You can't see other users' databases when viewing databases with the Beeline command. However, you can have the entire database list returned with Spark SQL. Make sure to not include personal information in a database name.

Create table

There is no naming restrictions when creating tables. The LOCATION option is not required, but if you'd like to specify one separately, specify it to be the path under /user/example/warehouse.

CREATE TABLE `table1` (`id` BIGINT) LOCATION '/user/example/warehouse/table1';

Command limitations

SET, and TRANSFORM clauses cannot be used. An update is planned where a dedicated queue is adopted so that the SET command can be used.

Set Spark-Hive access

You should use LLAP to read Hive's Managed Table data from Spark. The following explains how to set up to access Hive through Interactive Hive.

Check access information

The following access information can be set:

Property	Value
spark.sql.hive.hiveserver2.jdbc.url (Interactive)	jdbc:hive2://zk1.kr.df.naverncp.com:2181,zk2.kr.df.naverncp.com:2181,zk3.kr.df.naverncp.com:2181/;serviceDiscoveryMode=zooKeeperHA;zooKeeperNamespace=df-interactive
spark.sql.hive.hiveserver2.jdbc.url (Batch)	jdbc:hive2://zk1.kr.df.naverncp.com:2181,zk2.kr.df.naverncp.com:2181,zk3.kr.df.naverncp.com:2181/;serviceDiscoveryMode=zooKeeper;zooKeeperNamespace=hiveserver2
spark.datasource.hive.warehouse.metastoreUri	thrift://hms1.kr.df.naverncp.com:9083,thrift://hms2.kr.df.naverncp.com:9083
spark.datasource.hive.warehouse.load.staging.dir	/user/{dataforest account name}/tmp
spark.hadoop.hive.zookeeper.quorum	zk1.kr.df.naverncp.com:2181,zk2.kr.df.naverncp.com:2181,zk3.kr.df.naverncp.com:2181
spark.hadoop.hive.llap.daemon.service.hosts	@df-llap
principal	{dataforest account name}@KR.DF.NAVERNCP.COM
keytab	{dataforest account keytab file path}
jars	{hwc jar file path}

You can see that there are two kinds of connection strings, interactive and batch, in spark.sql.hive.hiveserver2.jdbc.url from the table content.
You should use an interactive connection string to conduct tasks in the Interactive Hive. You can conduct tasks by using the same settings value in Spark shell and PySpark.
Principals and keytabs use Kerberos accounts from the Data Forest with the setup required to run Spark Executors on YARN.
spark.sql.hive.hiveserver2.jdbc.url's user and password are authentication information to access the Interactive Hive within Executor.

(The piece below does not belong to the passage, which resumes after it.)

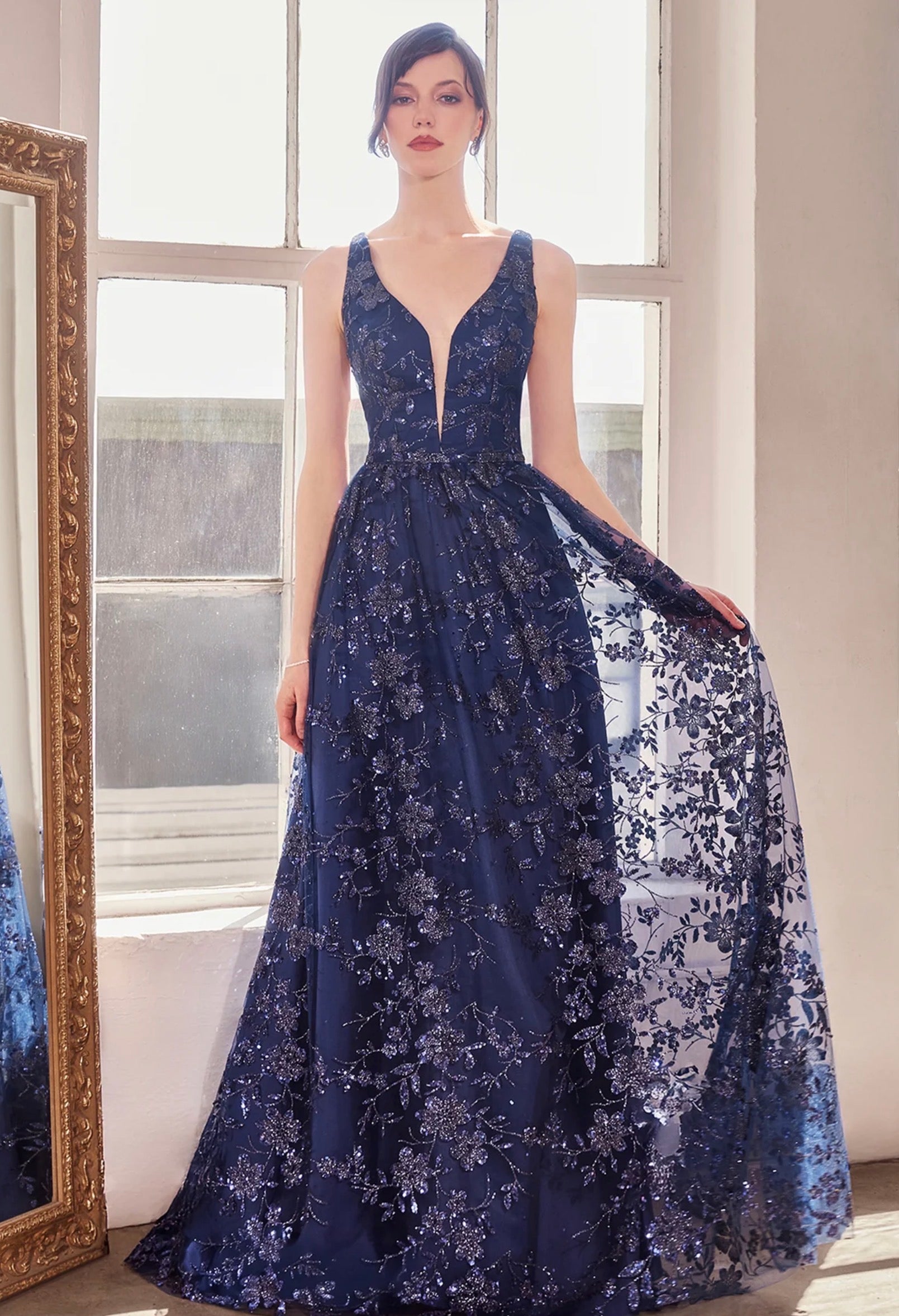 Embodying timeless elegance, this A-line gown features a deep V neckline with illusion mesh insert and floral glitter appliqué that cascades down the entire silhouette. The sleeveless bodice is structured and supportive, while the glitter-embroidered overlay catches the light with every movement. A floor-length skirt and hidden zipper closure in back make this gown as comfortable as it is enchanting—perfect for mothers of the bride, formal events, or garden weddings.

Use the Data Forest account name (same as Kerberos ID) and Ranger password.

The example of conducting tasks in Interactive Hive

The following is the example of working in Interactive Hive via spark-shell.

spark-shell \
  --master local[2] \
  --conf spark.sql.hive.hiveserver2.jdbc.url="jdbc:hive2://zk1.kr.df.naverncp.com:2181,zk2.kr.df.naverncp.com:2181,zk3.kr.df.naverncp.com:2181/;serviceDiscoveryMode=zooKeeperHA;zooKeeperNamespace=df-interactive" \
  --conf spark.datasource.hive.warehouse.metastoreUri="thrift://hms1.kr.df.naverncp.com:9083,thrift://hms2.kr.df.naverncp.com:9083" \
  --conf spark.datasource.hive.warehouse.load.staging.dir=/user/example/tmp \
  --conf spark.hadoop.hive.zookeeper.quorum="zk1.kr.df.naverncp.com:2181,zk2.kr.df.naverncp.com:2181,zk3.kr.df.naverncp.com:2181" \
  --conf spark.hadoop.hive.llap.daemon.service.hosts=@df-llap \
  --conf spark.security.credentials.hiveserver2.enabled=false \
  --conf spark.sql.hive.hiveserver2.jdbc.url.principal="hive/_HOST@KR.DF.NAVERNCP.COM" \
  --principal example@KR.DF.NAVERNCP.COM \
  --keytab ./df.example.keytab \
  --jars /usr/hdp/current/hive_warehouse_connector/hive-warehouse-connector-assembly-1.0.0.3.1.0.0-78.jar

The screen appears as follows once the login is complete.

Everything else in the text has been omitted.